0

I am working on some security alerts on one of our servers whereby a 'file download' JSP file is able to let a user download contents of WEB-INF for the web application (Which is located in the root folder of the site). It is a very crudely simple file, written in 2007, that uses java.io.FileInputStream on unsanitised input to return a file to the user.

The alert actually claimed that this was a directory traversal problem, which it is in one way as the following URI would download the web.xml for the user:

http://domain.com/filedownload.jsp?filename=../../WEB-INF/web.xml&filepath=some/directory/

Now obviously the 'directory traversal' part should be corrected by doing user input sanitising (Which this script does not yet do). However, the following URI also delivers the web.xml to the user, but input sanitisation for directory traversal would not help here, unless the sanitisation checks for 'WEB-INF' and other 'illegal' directories...

http://domain.com/filedownload.jsp?filename=web.xml&filepath=WEB-INF/

Is there a standardised way to prevent this in common servlet containers or does this need to be entirely managed by the developer of the code?
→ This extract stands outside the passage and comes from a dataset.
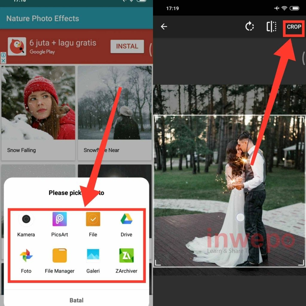 3. Ambil atau pilih gambar dari galeri, bisa juga memotret langsung dengan memilih menu kamera. Selanjutnya sesuaikan photo yang ingin digunakan lalu tap CROP.

I noticed that the Java 'normalize()' function would not strip out this directory from the user input.

I tried searching for an answer for this, but all I could find was information about preventing the 'serving' of WEB-INF directly, but nothing about preventing it from being accessed from a JSP file itself.

Thanks,

Tom...

Tom17
  • 345
  • 4
  • 14
  • Sanitization is not a correct approach, IMO. The main problem is that you should not let the users specify a file name and even less a file path. Let them only choose some ID stored in a database row, that contains the actual path to the file, for example. Or at the very least, only let them specify a file name, and look for this file in a well-defined base directory on the server. – JB Nizet Mar 16 '16 at 23:00
  • This is old old code and they will not be re-engineering a new solution to fix this as the site will be going away at some point. But they will be needing to mitigate this error in the existing code. I agree that they should not be letting the user specify the file. It's not designed for user input, but is, I believe, used for generating download links, albeit very badly... – Tom17 Mar 16 '16 at 23:01

1 Answers1

1

You say the JSP page is using java.io.FileInputStream to read the file. That is a standard Java class that is not aware of the fact that it is running inside a servlet container.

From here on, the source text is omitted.